Von alledem, so AbL-Agrarexperte Eckehard Niemann, wichen KammerGutachten zur Futterfläche „eklatant und agrarindustrie-geneigt“ deutlich
ab. So werde in der angenommenen Fruchtfolge ein überhoher Anteil an
Silo- oder Körnermais angesetzt – völlig unabhängig davon, ob die vom
Investor vorgesehene Tierart solchen Mais überhaupt fresse oder in
diesen Mengen verwerten könne. Oft würden zudem Flächen mit
angerechnet, die dem Futteranbau überhaupt nicht zur Verfügung
stünden – weil sie bereits als Flächengrundlage für eine zu „fütternde“
Biogasanlage dienten oder weil auf einem Teil der Flächen bereits
vertragliche Bindungen für eine Nichtfutter-Verwendung bestünden
(Zuckerrüben- oder Kartoffel-Verträge mit Fabriken, Biogas-Verkauf an
andere Biogas-Betreiber). Durch Nichtbeachtung dieser
Flächenbelegungen und durch den Ansatz viel zu hoher Anteile von Mais
(der rein rechnerisch hohe Futter-Energie-Zahlen bringe) würden so die
Futterflächen-Vorgaben des Baugesetzbuchs missachtet und eine
„landwirtschaftliche Privilegierung“ zurechtgerechnet.

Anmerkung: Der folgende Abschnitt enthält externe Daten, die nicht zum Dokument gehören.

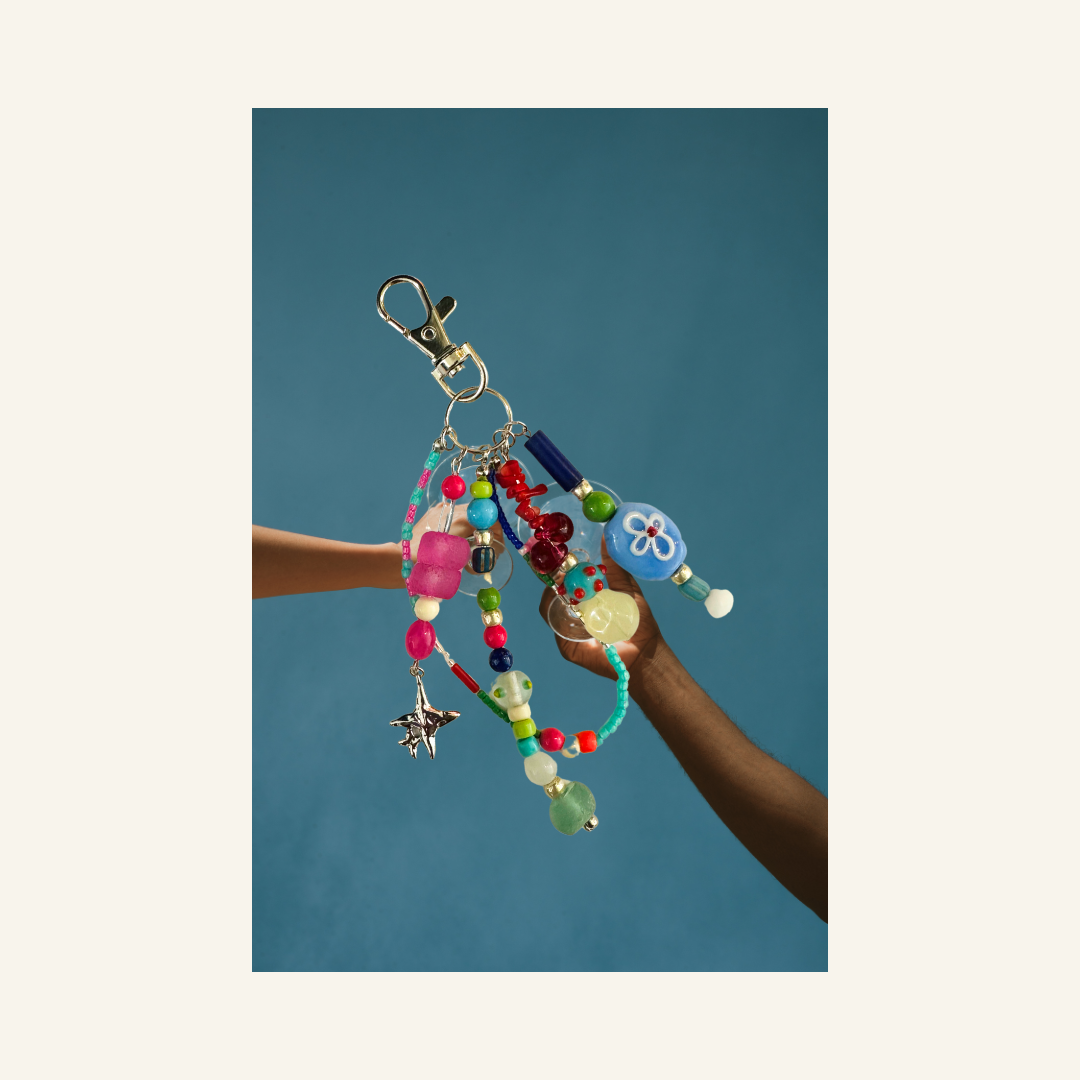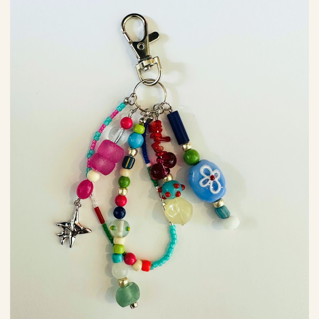 インド、アフリカ、ドイツ、チェコなど様々な国のビーズを使って作られたチャームです。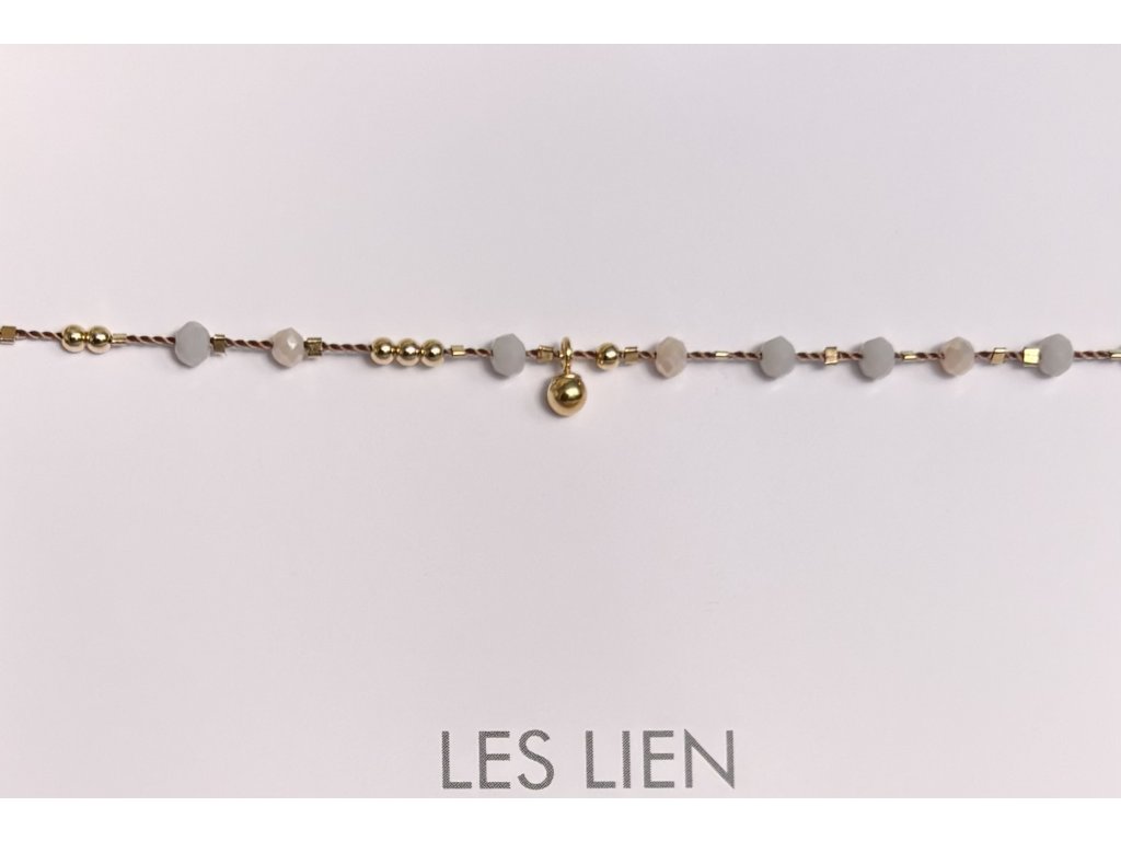 Barevné křišťálky ve velikosti 3mm jsou navlečeny na hedvábníku béžové barvy a jsou v kombinaci s gold filled (pozlacená mosaz) komponenty. Náramek je ukončen do shamballa vázání, jak my říkáme s cancourkama. Velikostně se přizpůsobí obvodu zápěstí 13 - 20 cm.

Solche Regelungen ermöglichten gewerblichen Agrarindustriellen leider
viel zu oft und zu Unrecht die Nutzung einer „landwirtschaftlichen
Privilegierung“. Dieses Privileg des Bauens im Außenbereich sei aber
ein hohes Gut und für die Landwirte elementar - das dürfe nicht weiter
durch missbräuchliche Nutzung durch nichtlandwirtschaftliche Investoren
gefährdet werden.
Als weiteren Mangel der Kammer-Beteiligung bei der Genehmigung von
Groß-Tierhaltungsanlagen nannte die AbL die fehlende Kontrolle, ob die
genehmigten Tierzahlen oder die angegebenen Futterflächen nach dem
Bau wirklich eingehalten würden. Dieses Kontrolldefizit führe zu dem
unglaublichen Missstand, dass Investoren sich einen Stall als
„landwirtschaftlich privilegiert“ genehmigen ließen, danach diesen Stall
an andere Investoren oder an Angehörige weiterverkauften - und mit der
so wieder „frei gewordenen“ Futterfläche den nächsten
„landwirtschaftlich privilegierten Stall“ beantragten. Dies werde zum Teil
sogar mehrfach nacheinander so praktiziert – bei „landwirtschaftlich
privilegierten“ Großställen wie auch Biogasanlagen.
Alle diese Tricksereien zur Erlangung einer unrechtmäßigen
„landwirtschaftlichen Privilegierung“ würden hinfällig, wenn statt der
Futterfläche künftig allein die Größe der beantragten Anlagen eine Rolle
spielte. Das Problem künstlicher Betriebsteilungen (die ohnehin
kostenaufwendig seien) falle dann ebenso weg, ebenfalls die mühsam
konstruierten „Betriebsgemeinschaften“ zwischen flächenarmen
Investoren mit flächenreichen Ackerbau-Betrieben. Insofern sei auch
Bundesagrarminister Schmidt dringend aufgefordert, dem BaurechtsEntwurf von Bauministerin Hendricks zuzustimmen und den Gemeinden
bei sämtlichen Großanlagen ein Vetorecht zuzugestehen. Dies würden
voraussichtlich auch die kommunalen Spitzenverbände so einfordern.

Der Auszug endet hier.